#### [WHAT IS NEEDED]
Could you retype the material, starting at its first line and ending with the line holding "Base Box + Colchão", and keep the pictures out?

#### [GIVEN INFORMATION]

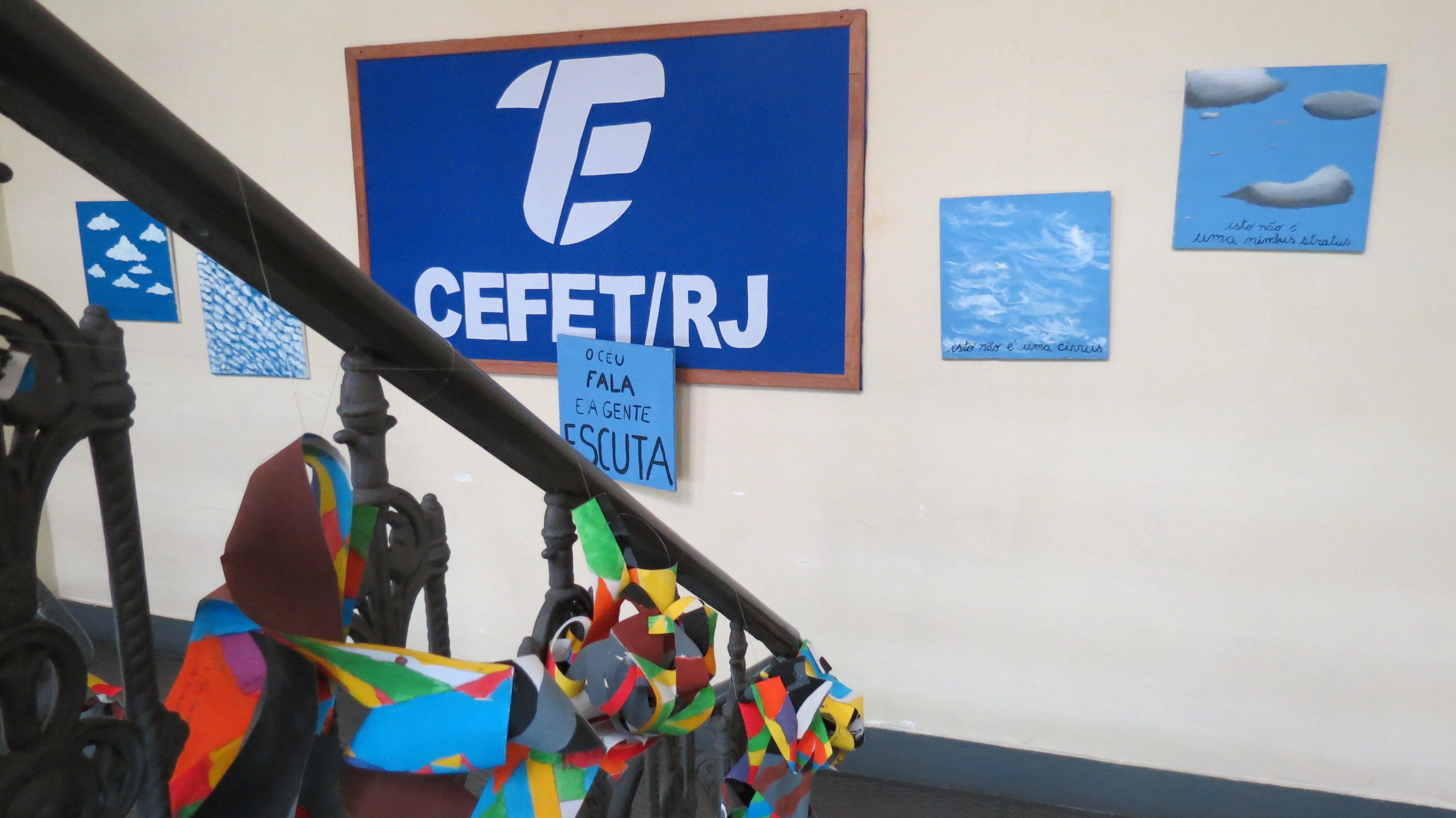Pinturas e reflexões plásticas em madeira, elástico, serragem, entre outros materiais, têm despertado a atenção de quem passa pelo hall de entrada e a escada principal do campus Petrópolis. Os trabalhos visuais e conceituais foram produzidos por alunos do ensino médio/técnico integrado do campus Maracanã, dando origem à exposição “Todos os caminhos levam ao Cefet/RJ”.
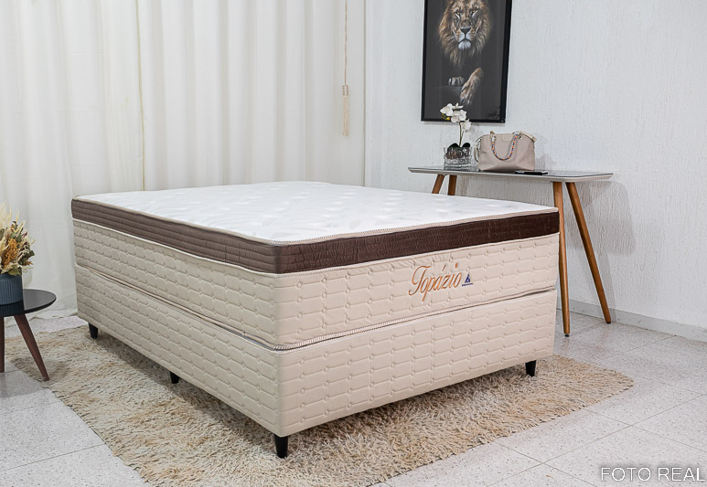 Base Box + Colchão Casal Topázio Molas Ensacadas 138x188x74 Rondomóveis
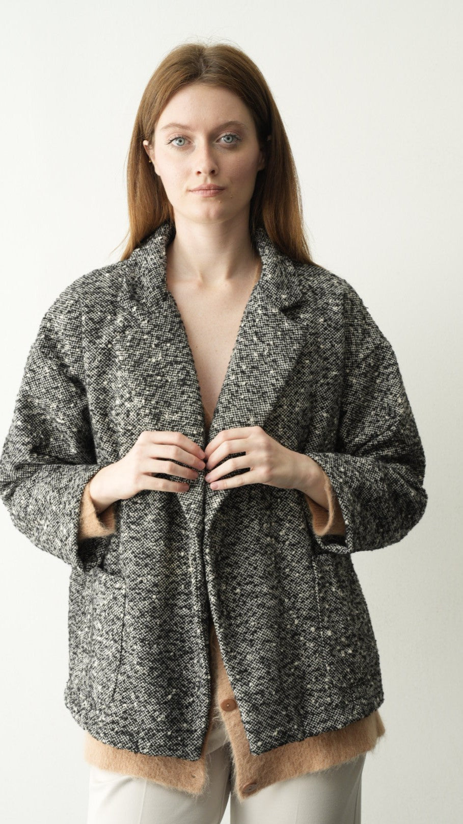 Giacca in 80% poliestere e 20% lana. Veste dalla taglia 40 alla taglia 46.

#### [RESULT FOR THIS EXERCISE]
Pinturas e reflexões plásticas em madeira, elástico, serragem, entre outros materiais, têm despertado a atenção de quem passa pelo hall de entrada e a escada principal do campus Petrópolis. Os trabalhos visuais e conceituais foram produzidos por alunos do ensino médio/técnico integrado do campus Maracanã, dando origem à exposição “Todos os caminhos levam ao Cefet/RJ”.
 Base Box + Colchão Casal Topázio Molas Ensacadas 138x188x74 Rondomóveis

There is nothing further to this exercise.